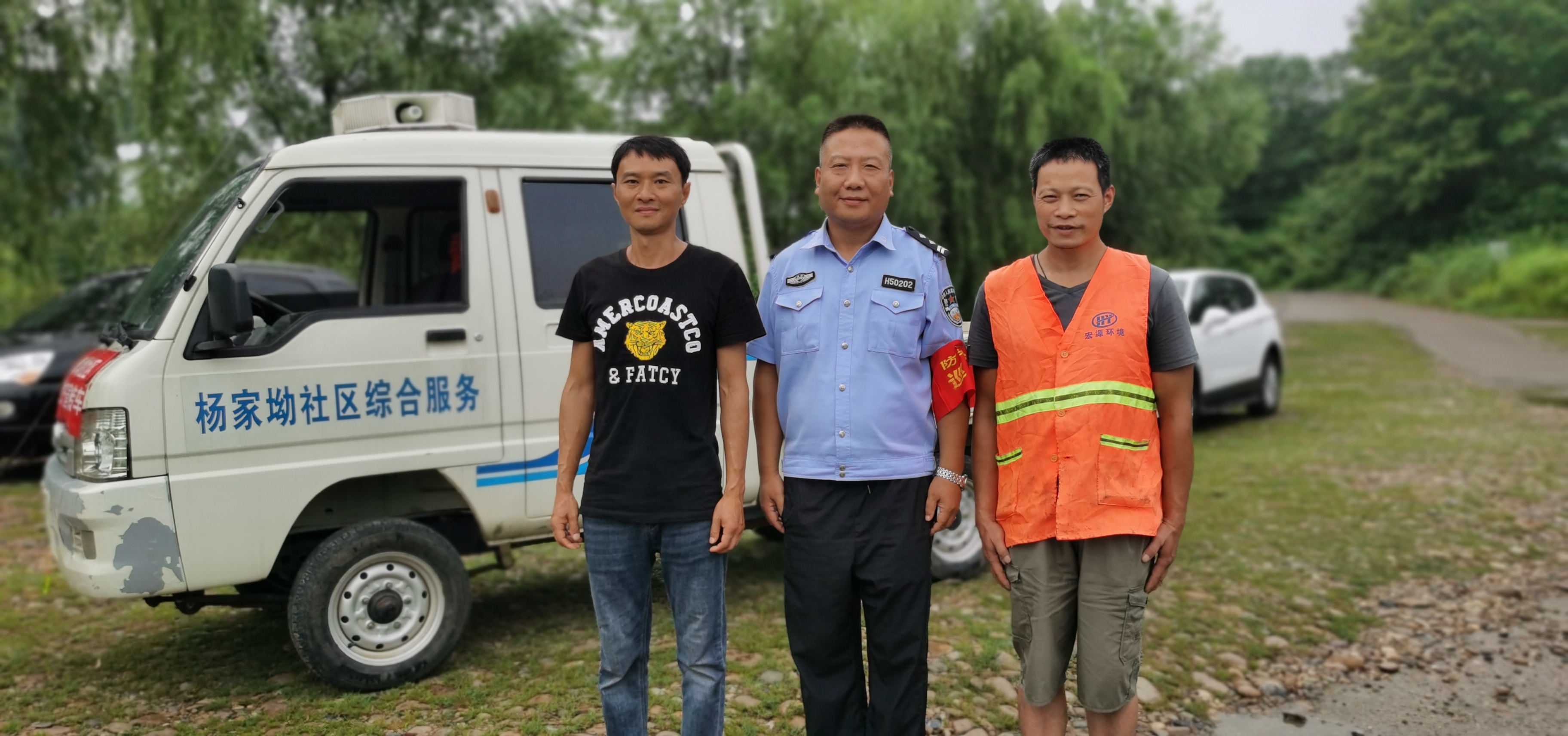 图为文科(左)辅警刘胜国(中)和保洁员刘龙庆(右)合影。胡卫红 摄
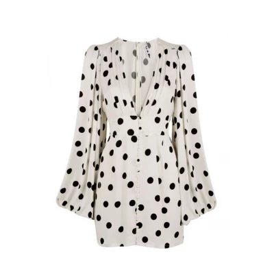 There’s A Touch Of Retro Glamour About The Black On White Spots Of The Perla. The Plunging Neckline And Beautiful Button-Up Front Perfectly Accentuate Your Waist; The Voluminous Sleeves Add Drama. Polka Dot Print Voluminous Sleeves Elasticated Cuffs Button Front Detail Zip Fastening
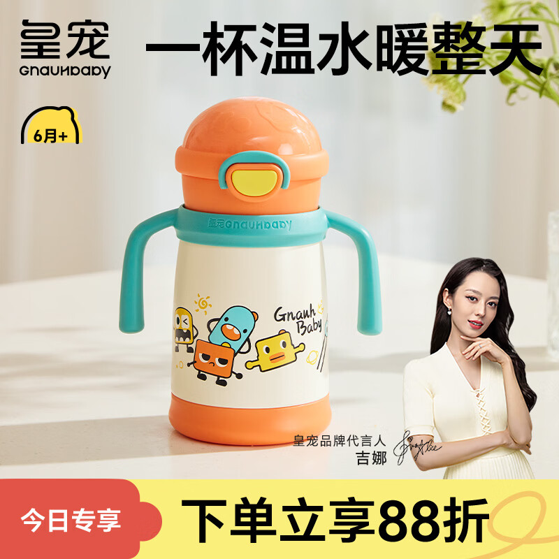 皇宠保温杯儿童水杯宝宝学饮杯吸管杯幼儿园外出不锈钢水壶 橙350ml
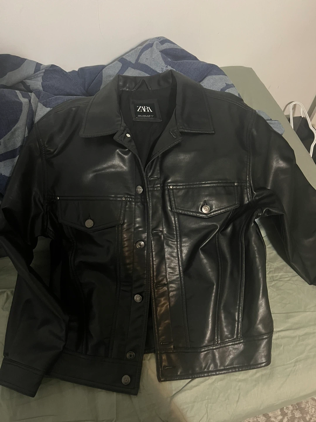 10Selling a stylish black faux leather jacket from Zara! Like new condition The jacket features a classic design with button closures and pockets. A versatile piece for your wardrobe!
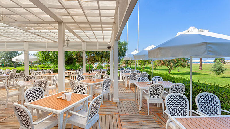 Her şey dahil hizmeti sunulmaktadır. Misafirler için kahvaltı ,geç uyanan misafirler için de geç Kahvaltı, öğle yemeği, aperatifler, kahve ve kek, akşam yemeği ve gece yarısı snack mevcuttur. Kahvaltı, öğle yemeği, akşam yemeği, kahve ve kek açık büfe servisi verilir. Tatil süresi boyunca, Ala Carte Restorantları hizmet bedeli karşılığında rezervasyona tabi olarak hizmete sunulmuştur. Masaya yerli alkollü ve alkolsüz içecekler siz değerli misafirlerimize servis edilecektir. Mini barda soda ve su sunulur. Oda servisi ücretlidir.
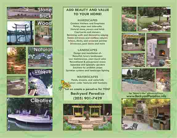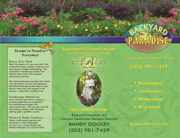 We bring paradise to your home that also adds value to your home by installing beautiful hardscape, landscapes, waterscapes, lighting, sprinkler systems, and more. Randy Dooley, licensed landscape designer, has been creating and installing front, side, and backyard paradises all over Birmingham and a little beyond for almost 20 years.Visit our exhibit and see what he has created on top of a hundred square feet of concrete and steel, then just imagine what he can do with your yard! Look through our photo books (on paper, online, and on screen) to get your thoughts churning on how new landscaping, an outdoor kitchen, stone patio with fire pit, pond with waterfall, or landscape lighting would enhance your home's appearance and value.
========================================
Try it >>
The answer must be the lines of the entries above, written out exactly from the first through the one with "Her şey dahil", and no pictures.

Solution >>
 图为文科(左)辅警刘胜国(中)和保洁员刘龙庆(右)合影。胡卫红 摄
 There’s A Touch Of Retro Glamour About The Black On White Spots Of The Perla. The Plunging Neckline And Beautiful Button-Up Front Perfectly Accentuate Your Waist; The Voluminous Sleeves Add Drama. Polka Dot Print Voluminous Sleeves Elasticated Cuffs Button Front Detail Zip Fastening
 皇宠保温杯儿童水杯宝宝学饮杯吸管杯幼儿园外出不锈钢水壶 橙350ml
 10Selling a stylish black faux leather jacket from Zara! Like new condition The jacket features a classic design with button closures and pockets. A versatile piece for your wardrobe!
 Her şey dahil hizmeti sunulmaktadır. Misafirler için kahvaltı ,geç uyanan misafirler için de geç Kahvaltı, öğle yemeği, aperatifler, kahve ve kek, akşam yemeği ve gece yarısı snack mevcuttur. Kahvaltı, öğle yemeği, akşam yemeği, kahve ve kek açık büfe servisi verilir. Tatil süresi boyunca, Ala Carte Restorantları hizmet bedeli karşılığında rezervasyona tabi olarak hizmete sunulmuştur. Masaya yerli alkollü ve alkolsüz içecekler siz değerli misafirlerimize servis edilecektir. Mini barda soda ve su sunulur. Oda servisi ücretlidir.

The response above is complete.